▶ **Data excerpts**:
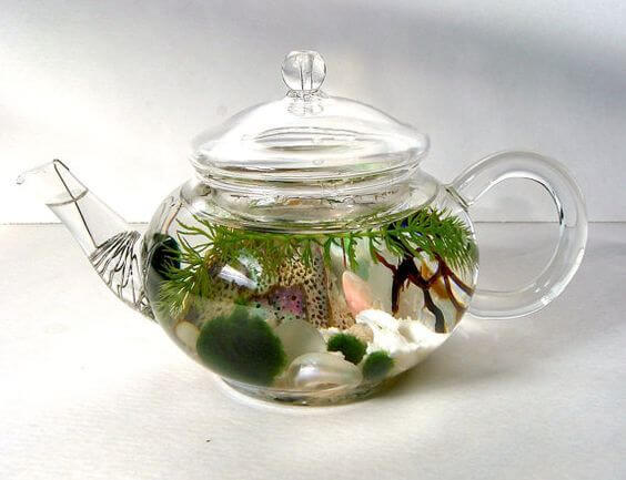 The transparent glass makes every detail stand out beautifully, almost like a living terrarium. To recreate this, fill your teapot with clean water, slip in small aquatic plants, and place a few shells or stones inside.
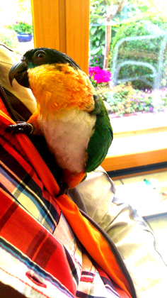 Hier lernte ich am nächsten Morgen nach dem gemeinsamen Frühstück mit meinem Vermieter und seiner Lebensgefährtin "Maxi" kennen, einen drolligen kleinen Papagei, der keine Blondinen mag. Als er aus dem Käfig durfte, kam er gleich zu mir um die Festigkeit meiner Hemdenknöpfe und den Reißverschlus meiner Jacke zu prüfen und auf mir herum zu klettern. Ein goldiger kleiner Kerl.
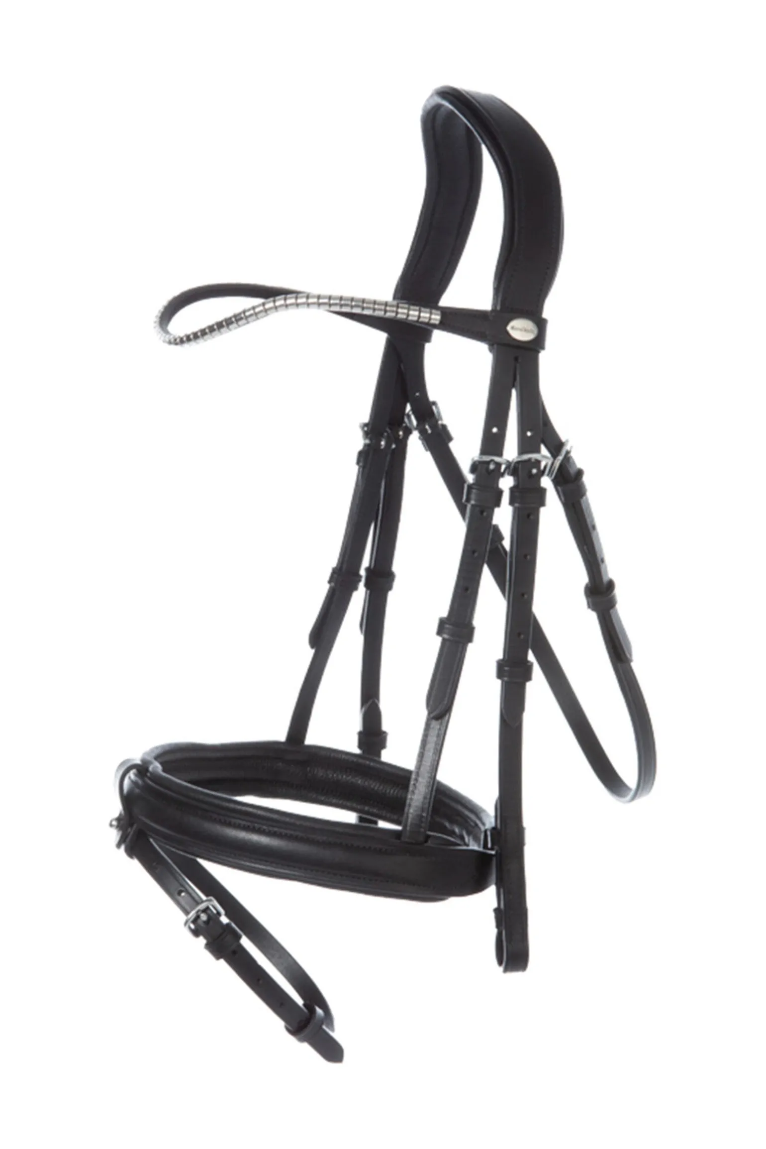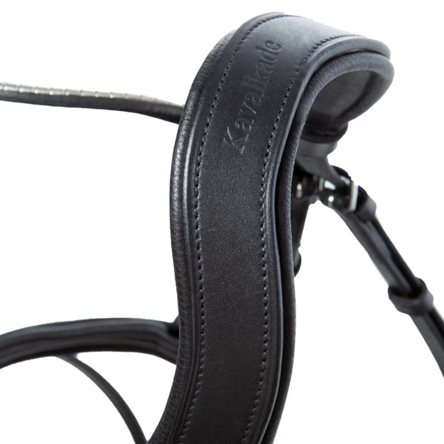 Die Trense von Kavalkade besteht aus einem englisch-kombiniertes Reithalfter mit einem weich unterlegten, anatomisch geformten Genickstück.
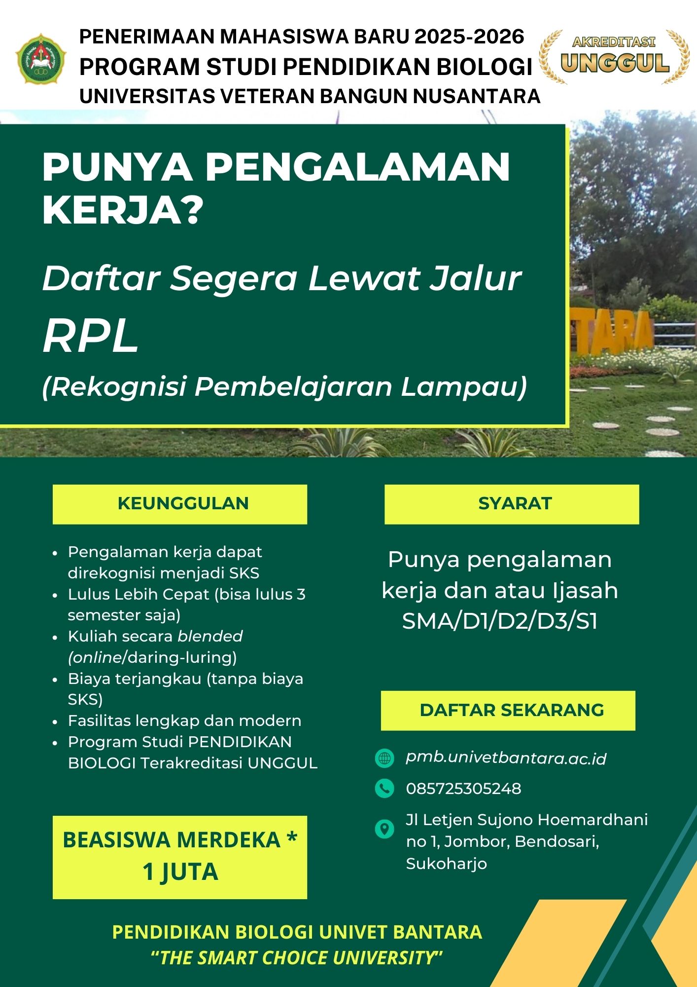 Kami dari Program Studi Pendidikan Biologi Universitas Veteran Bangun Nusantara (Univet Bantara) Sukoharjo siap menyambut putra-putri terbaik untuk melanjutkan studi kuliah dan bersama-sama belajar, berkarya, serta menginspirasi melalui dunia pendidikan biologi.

...

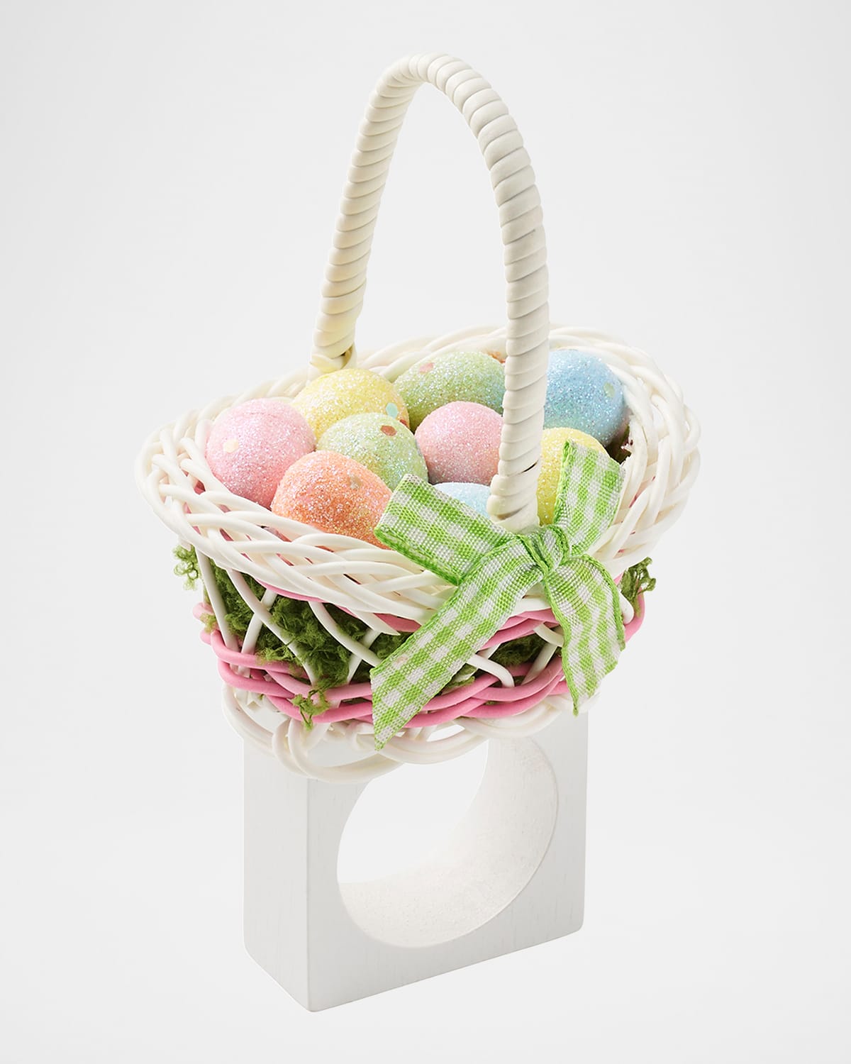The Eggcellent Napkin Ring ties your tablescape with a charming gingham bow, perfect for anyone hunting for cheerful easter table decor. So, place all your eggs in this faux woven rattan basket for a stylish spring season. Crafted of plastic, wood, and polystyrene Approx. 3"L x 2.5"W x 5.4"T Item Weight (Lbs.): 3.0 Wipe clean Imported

▶ **Task brief**: Above are entries with pictures among them. Write out exactly the lines from the one containing "The transparent glass" through the one containing "Die Trense von", ends included, and leave those pictures out.

▶ **Reply to the exercise**:
 The transparent glass makes every detail stand out beautifully, almost like a living terrarium. To recreate this, fill your teapot with clean water, slip in small aquatic plants, and place a few shells or stones inside.
 Hier lernte ich am nächsten Morgen nach dem gemeinsamen Frühstück mit meinem Vermieter und seiner Lebensgefährtin "Maxi" kennen, einen drolligen kleinen Papagei, der keine Blondinen mag. Als er aus dem Käfig durfte, kam er gleich zu mir um die Festigkeit meiner Hemdenknöpfe und den Reißverschlus meiner Jacke zu prüfen und auf mir herum zu klettern. Ein goldiger kleiner Kerl.
 Die Trense von Kavalkade besteht aus einem englisch-kombiniertes Reithalfter mit einem weich unterlegten, anatomisch geformten Genickstück.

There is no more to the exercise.